In this traditionally male-dominated genre, the growing trend of empowered female protagonists is a welcome development. Still, there’s no shortage of anime productions that feature excessive ‘fan-service’ – highly objectified representations of women. For every baddass heroine like Princess Mononoke’s San, there are the subjugated female characters in Keijo, designed purely for the male gaze.

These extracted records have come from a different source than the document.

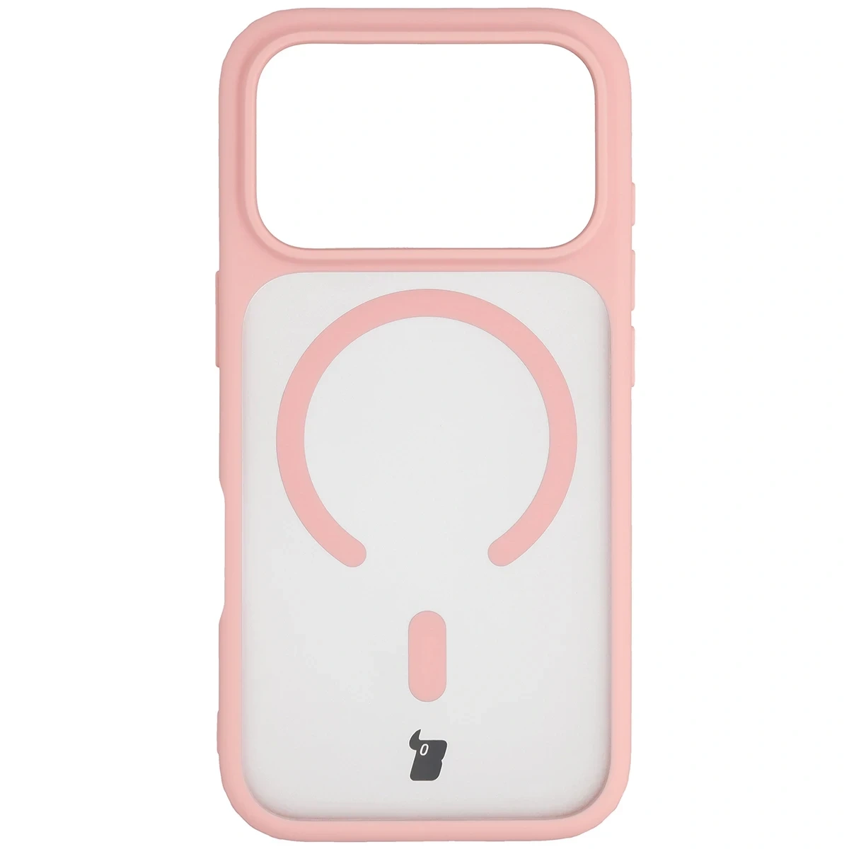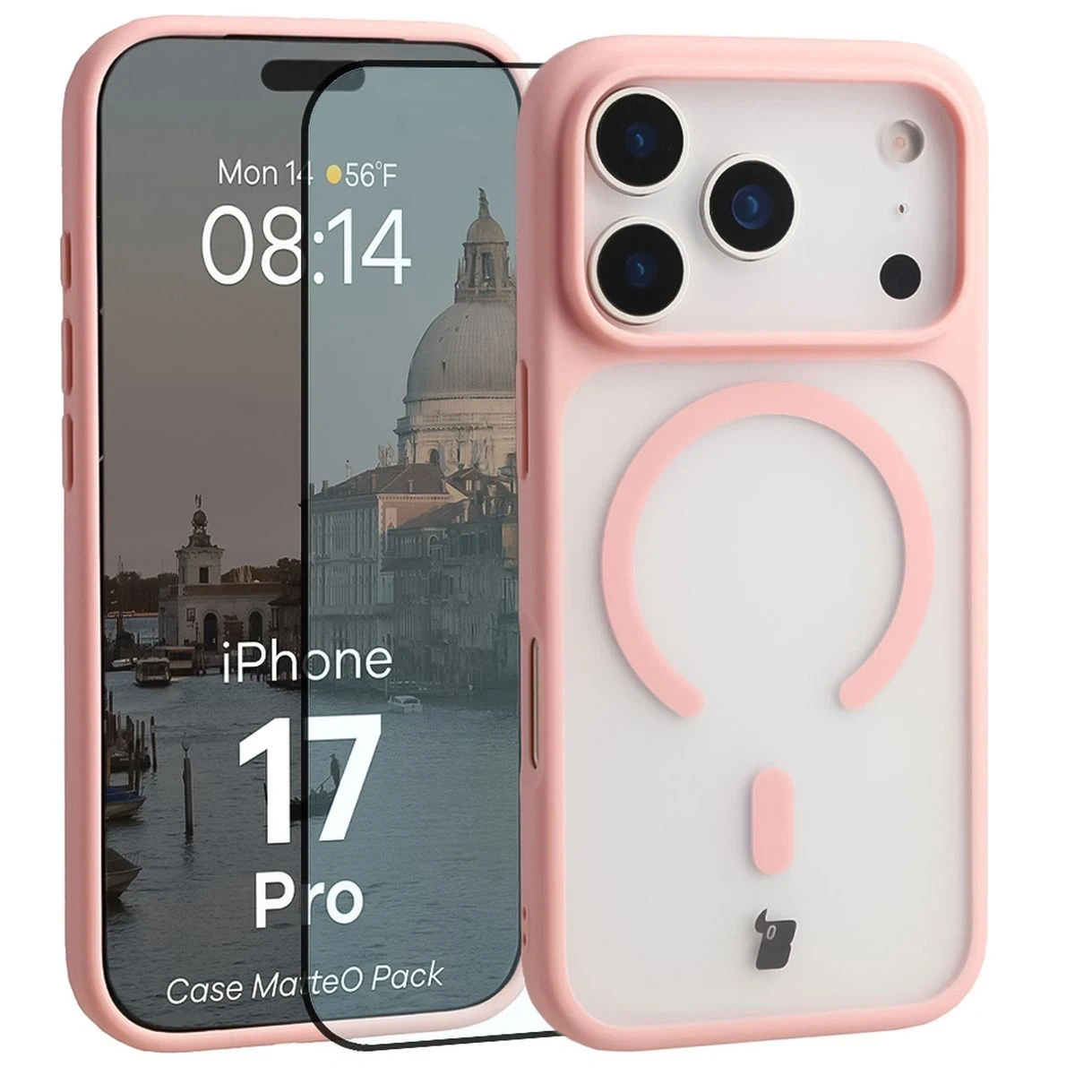 Etui z pierścieniem magnetycznym + szkło hartowane Bizon MatteO Pack do iPhone 17 Pro, przydymione-jasnoróżowe
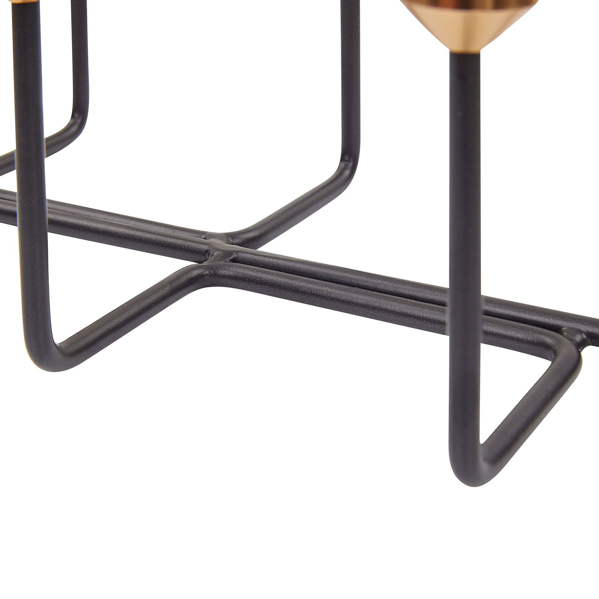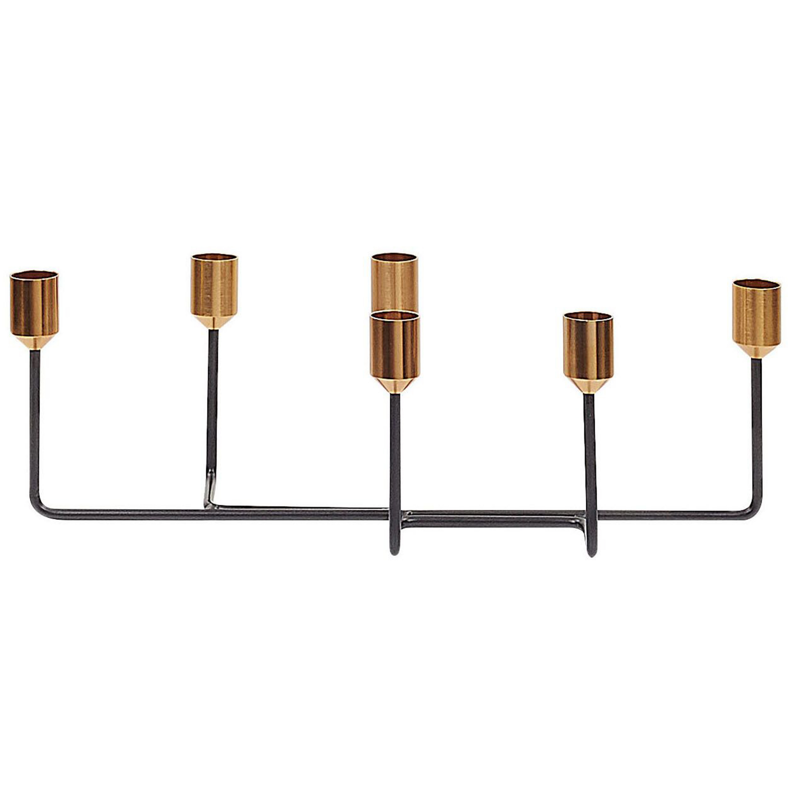 Zweifarbiger, 6-flammiger Kerzenständer in edler Optik. Die gerade, geometrische Form der schwarzen Arme, in Kombination mit dem goldfarbenen Akzent am Kerzenfuss verleihen diesem Accessoire eine dekorative und sehr edle Ausstrahlung. Der Kerzenständer ist für 6 Tafelkerzen geeignet und sorgt für ein romantisches Feeling am Abend.
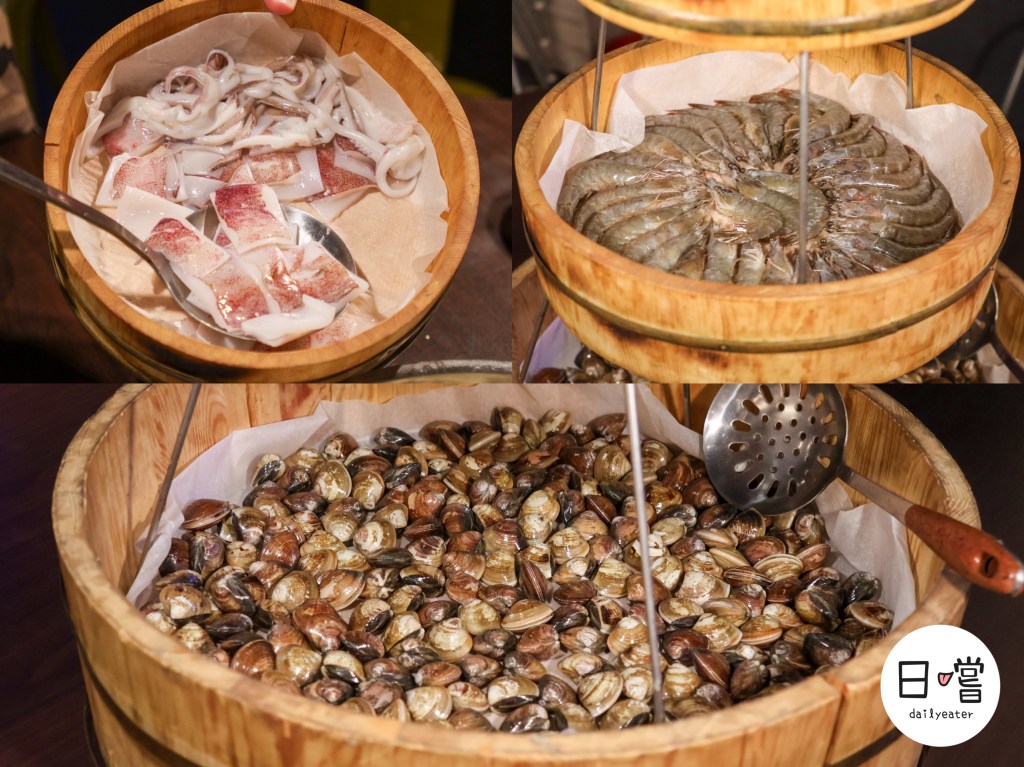 澎湃三鮮桶一上桌就超吸睛!三層木桶堆疊的氣勢滿滿,最底層是滿滿蛤蜊,中層是肥美白蝦,最上層則是新鮮透抽,一次滿足海鮮控的所有願望。(其他還有帝王蟹、魚片等,可以根據金額跟需求客製化)
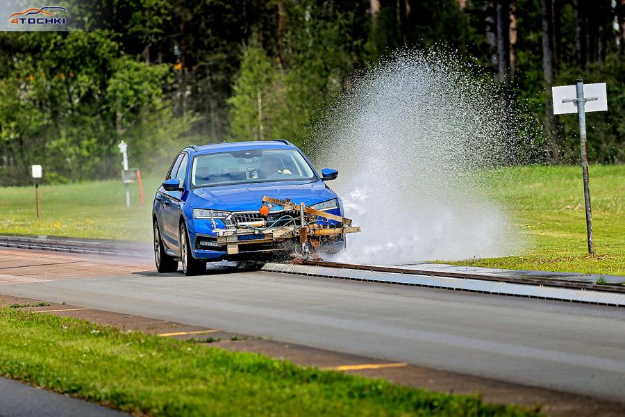ПОПЕРЕЧНОЕ АКВАПЛАНИРОВАНИЕ. Явление потери сцепления с дорогой при проезде лужи на повороте всё реже встречается на скоростных автомагистралях и шоссе, поэтому за эту дисциплину присуждаются самые низкие баллы. Этот тест определяет максимальное боковое ускорение, достигаемое каждой испытуемой шиной при прохождении испытательного трека с уровнем воды 9 мм. Диапазон скоростей - 60-90 км/ч, при этом водитель едет на 5 км/ч быстрее с каждым кругом.
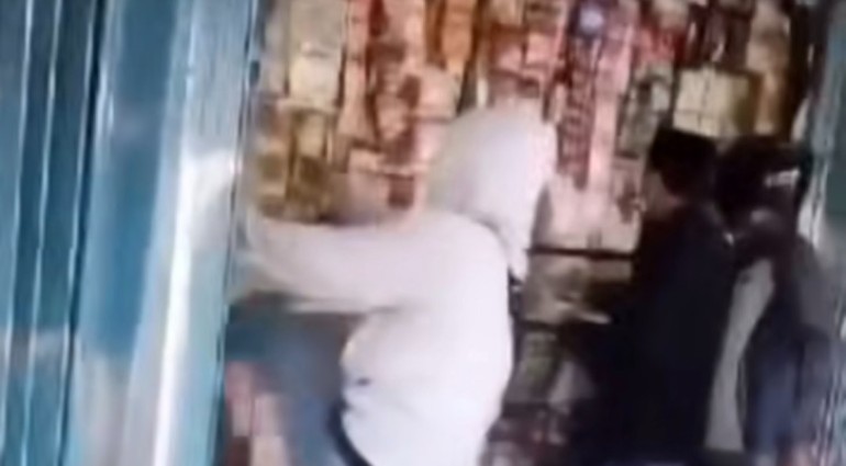 Berdasarkan rekaman video yang beredar di media sosial, terlihat warga mendorong etalase toko secara terus menerus.
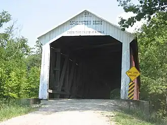 The McAllister Covered Bridge is a Burr Arch structure that was built by Joseph A. Britton and Son in 1914. It is 144 feet (44 m) long, 16 feet (4.9 m) wide, and 14 feet (4.3 m) high.[2][4] It is found in Adams Township, Parke County, Indiana, United States.
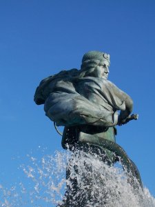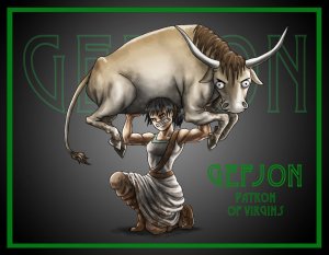Trots att hon haft barn med en jätte och blivit mor till danska kungahuset så är Frejas syster de ogifta kvinnornas beskyddare och de kvinnor och flickor som dör som oskulder tar Gefjon hand om. Freja tar i sin tur hand om stupade krigare så båda gudinnorna är på sätt och viss härskare för var sitt dödsrike. Eller så är ungmörnas rike en del av Frejas Folkvang. Plogen ses som en symbol för Gefjon och detta arbetsredskap kan nog sägas vara helgat åt henne. Ingen avbild har hittas som man vet föreställer Kung Skolds maka men den danska ön Gevnö anses vara namngiven efter henne och i gudasångerna i eddan nämns Gefjon. Hon är med i Lokasenna, Lokes träta där hon är en av de som anklagas av Loke. I den namntula som upptar 27 gudinnors namn är Gefjon nummer sex. Passande nog befinner hon sig mellan Gärd, brodern Frejs maka som också är en åkergudinna som hon själv samt Gnå som också hon är en gudarnas budbärerska för det var, som alla vet Oden som skickade ut Gefjon på sitt plöjningsuppdrag. I nuhednisk tid är det flera konstnärer som inspirerats till att avbilda Gefjon.
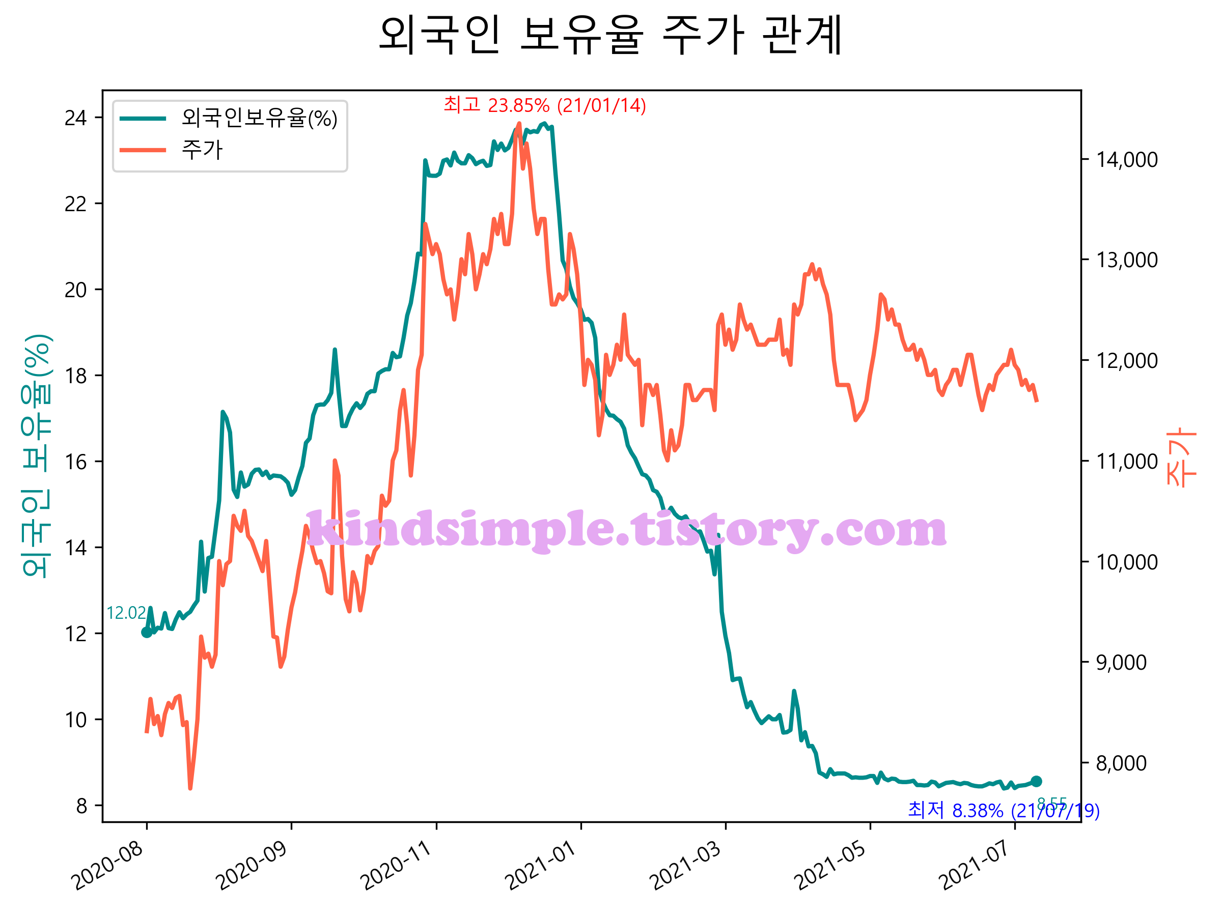 최근 1년간 외국인 보유율 및 주가와의 관계입니다.
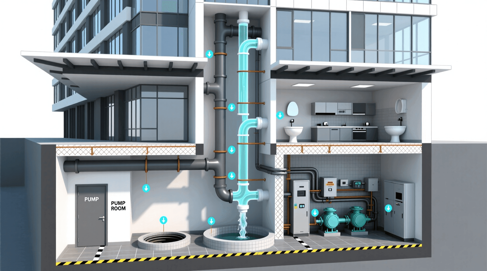 现代排水系统越来越多采用同层排水技术。传统方式中卫生器具的存水弯在楼下,维修需要进入下层住户。同层排水将所有管道和存水弯都设置在本层,大大方便了维修和改造。
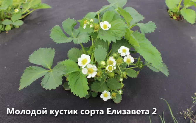Бутоны Елизаветы 2 белые, некрупные, обоеполые, собраны по несколько штук. Цветоносы раскидистые, заметно короче листьев, поэтому при уплотненной посадке плоды могут затеняться и плохо вызревать. Под тяжестью ягод они нередко ложатся на землю.
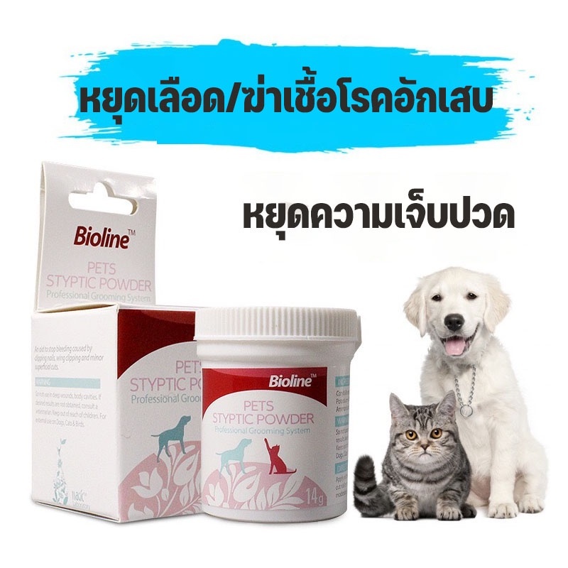 ผงหยุดเลือด Bioline สำหรับสัตว์เลี้ยง 14g ห้ามเลือดเร็ว ไม่แสบแผล ใช้กับเล็บตัดเกิน
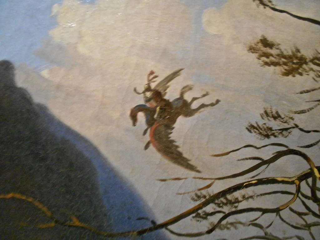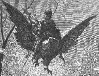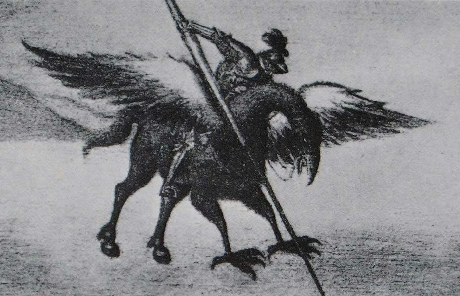 | “ | Backed by Astolfo, and ascending slow, the hippogriff through yielding aether flew; and next the rider stirred the courser so, that in a thought he vanished out of view.

Join academics, critics and cultural commentators to unravel anime’s approach to women and test whether it could become a new ground for feminism.  

About the panel

Jessica McCallum
Jessica McCallum currently works with Madman Entertainment, a Melbourne founded and leading Australian independent entertainment company. As the Head of Social Media and Anime Marketing, Jess is responsible for social media strategies and marketing initiatives. She has played an instrumental part in propelling the growth of Madman's anime audience and community by developing effective and engaging campaigns for key product categories and releases. Working alongside peers who are pushing the organisation in exciting new directions, both in theatrical (Your Name, A Silent Voice), national anime festivals and direct-to-consumer digital streaming via AnimeLab, Jess is extremely passionate about bringing the latest and greatest anime content to Aussie and NZ fans.

Phillip Brophy
Philip Brophy curated the first major retrospective of manga artist Osamu Tezuka for the National Gallery of Victoria in 2006. The exhibition toured to the Art Gallery of New South Wales in Sydney and the Asian Art Museum of San Francisco the following year. In 2005, he was commissioned to write “100 Anime” for the British Film Institute in London. In previous years he has curated film retrospective programmes for the Melbourne International Film Festival on Tezuka (1995) and Studio Ghibli (1997). He interviewed Hayao Miyazaki in Tokyo for the exhibition he curated on Japanese and American animation for the Museum of Contemporary Art, “Kaboom!” (1993). He has been published extensively in international journals on anime and manga.

Nikki Lam
Nikki Lam is a visual artist, curator and programmer based in Melbourne. Working primarily with the moving image, she is passionate about the cross-sections of screen cultures, media arts and representations. Born in Hong Kong, she is interested in exploring the translations of post-colonial identities and narratives in the hybrid world, often through the studies of rituals, language, time and space. She is the former Artistic Director of Channels Video Art Festival (2014-2016) and has worked in a range of arts organisations including Footscray Community Arts Centre, Peril Magazine and Foundation for Art and Creative Technology (FACT). She is currently ACMI X Coordinator for the Australian Centre for the Moving Image. Nikki grew up with anime in Hong Kong and would consider the medium as the fundamental ingredient of her formative years.